Наши законы, наше правительство, наша наука постоянно требуют от нас, чтобы мы путем рассуждения о разнообразных сложных явлениях достигали ожидаемого результата. Даже наши игры, такие, как шахматы, побуждают нас использовать все эти способности в значительной степени. Сравните все это с языками дикарей, в которых нет слов для обозначения абстрактных понятий; с совершенным отсутствием у дикаря способности предвидеть что-то кроме своих элементарных потребностей; с его неспособностью соотносить, или сравнивать, или рассуждать на какую-либо общую тему, которая не привлекает его в чувственном отношении…

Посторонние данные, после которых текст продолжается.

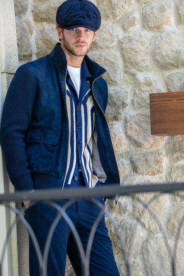 Standart Fit İtalyan Kumaş Lacivert Fitilli Kadife Pantolon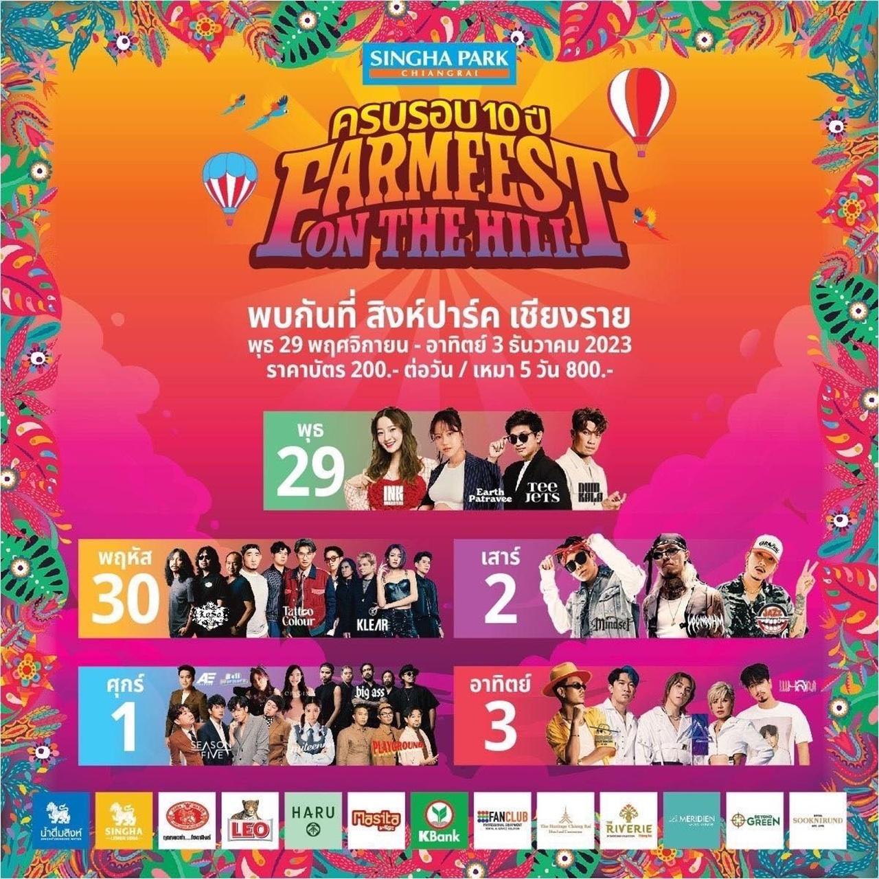 Farm Festival On The Hill ครั้งที่ 10 เทศกาลดนตรีที่ใหญ่ที่สุดของภาคเหนือ กับเวทีกลางแจ้งในบรรยากาศธรรมชาติ ท่ามกลางขุนเขาและลมหนาวของจังหวัดเชียงราย ขนทัพ 25 ศิลปินชื่อดังร่วมงานคับคั่งตลอด 5 วัน 5 คืน ตั้งแต่วันที่ 29 พฤศจิกายน – 3 ธันวาคม 66 ณ สิงห์ปาร์ค จังหวัดเชียงราย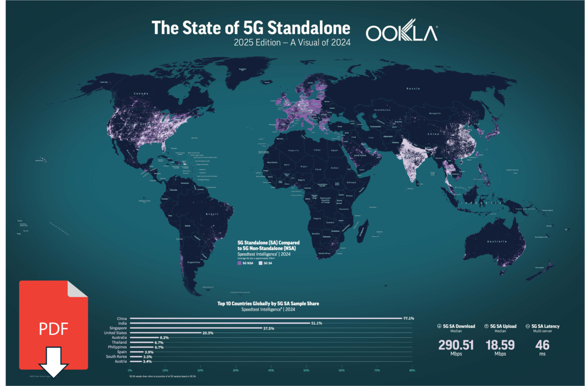 For the first time, and with the goal of offering deeper insight into the state of 5G SA worldwide, Ookla® has created a high-resolution downloadable poster based on Speedtest Intelligence® data, providing a unified view of the global reach of both 5G NSA and 5G SA networks in 2024. This visual is part of a flagship global study in collaboration with Omdia, comparing the competitiveness of leading regions and countries in 5G SA deployment, performance, and monetization.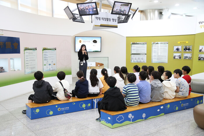 [성남=오왕석 기자] 왕남초등학교 4학년 어린이들이 16일 오전 성남시의회 홍보관을 견학했다. 방문한 어린이들은 강상태 의원의 환영 인사를 받았다.

Мозг, в полтора раза превышающий объем мозга гориллы, был бы… вполне достаточен для ограниченного умственного развития дикаря; поэтому нам следует признать, что полноценный мозг дикаря никоим образом не мог сформироваться по законам эволюции, суть которых состоит в том, что они приводят к уровню организации, который прямо пропорционален потребностям данного вида и никогда их не превышает…. В результате естественного отбора дикарь был бы наделен мозгом, лишь слегка превосходящим мозг обезьяны, тогда как на деле его мозг лишь ненамного меньше мозга философа[326].
Парадокс Уоллеса – факт того, что человеческий интеллект, по-видимому, не был нужен в процессе эволюции – является центральной проблемой психологии, биологии и научного мировоззрения. И по сей день ученые вроде астронома Пола Дэвиса считают, что «перебор» с мощностью человеческого интеллекта опровергает дарвинизм и предполагает необходимость назвать другую действующую силу в рамках «прогрессивного направления эволюционной теории» – возможно, некий процесс самоорганизации, который когда-нибудь сможет быть объяснен с помощью теории сложности[327]. Увы, это предположение едва ли можно считать более удовлетворительным, чем идея Уоллеса о высшем разуме, направляющем развитие человека по определенному пути. Одной из главных целей данной книги (и этой главы в частности) является низведение парадокса Уоллеса из разряда тайн, способных пошатнуть устои, в разряд сложных, но в целом заурядных исследовательских проблем, стоящих перед наукой о человеке.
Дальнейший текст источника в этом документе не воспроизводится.